The Legend of Rice

I first read this Chinese legend from a cousin’s tattered textbook. Retold from my faulty memory, so please forgive the details.


In the past, men were punished by the gods because of their many sins. A great rain fell upon the land and swelled the waters. Rivers flowed strong and washed away houses; the seas invaded the shore and destroyed lives. A flood, as was never seen before, ravaged the land.

After a few days, the purple waters receded. The surviving people climbed down from the mountains and tall trees to find their houses ruined. Many people and animals were dead, and grieving was heard all throughout the land. There was also no food, and all were starving.

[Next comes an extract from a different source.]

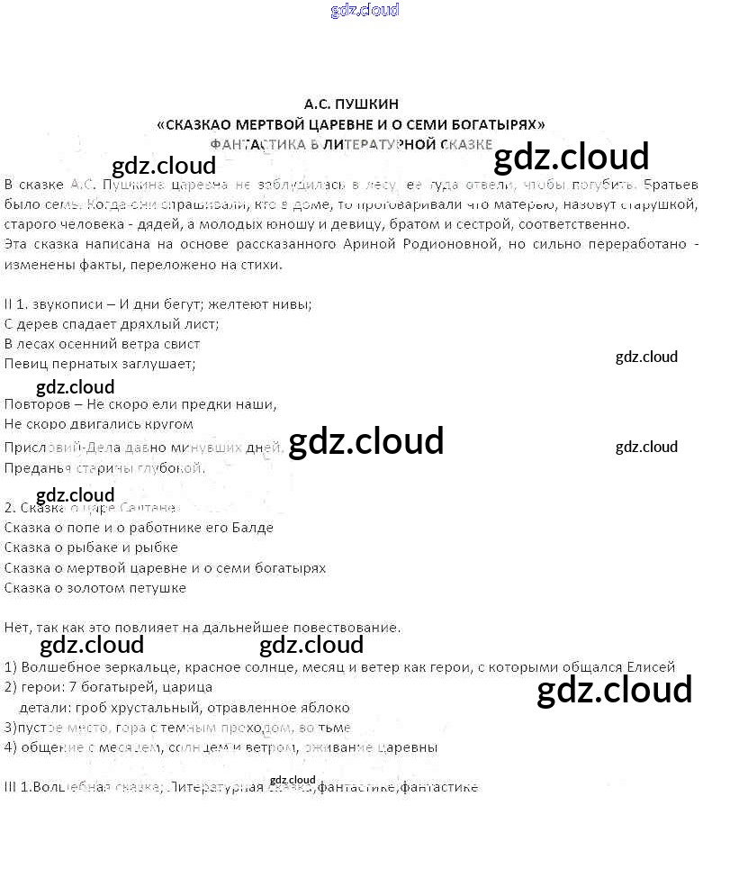 Ответ на задание А.С. Пушкин. Сказка о мёртвой царевне и о семи богатырях. Фантастика в литературной сказке Рабочая тетрадь Литература за 5 (пятый) класс Бунеев, Чиндилова, Бунеева Школа 2100 2014

Looking down from heaven, Kuan Yin, the goddess of mercy took pity on the people. She came down and looked everywhere at what she could do to save them. Fruits stored in bins were waterlogged and eaten by worms. Trees were dying, and vines were rotting. The only new life to be found were on the shallow swamps, where still water was left. Green grass grew there stubbornly.

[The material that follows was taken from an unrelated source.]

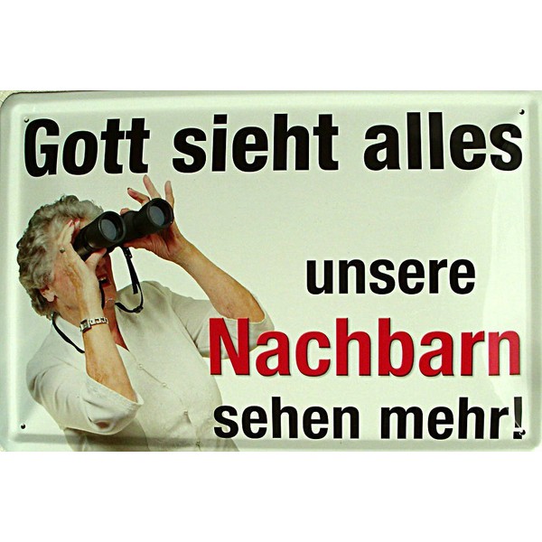 Gott sieht alles die Nachbarn mehr Blechschild Gewölbt Neu 20x30cm S3451

To these grass Kuan Yin found hope for the people. Walking towards the stalks, she opened her bodice and squeezed her breasts. Her milk fell on the buds and it was rice.

The people thanked the goddess for her bounty and survived. The goddess’ gift of life and nourishment today is the grain responsible for most of the world’s nourishment.


It is said that great was the compassion felt by Kuan Yin that she let out all her milk on the grass. But there was a lot of people to be fed, so she squeezed a little more. On the grass spilled milk, and a little blood, to give us red rice.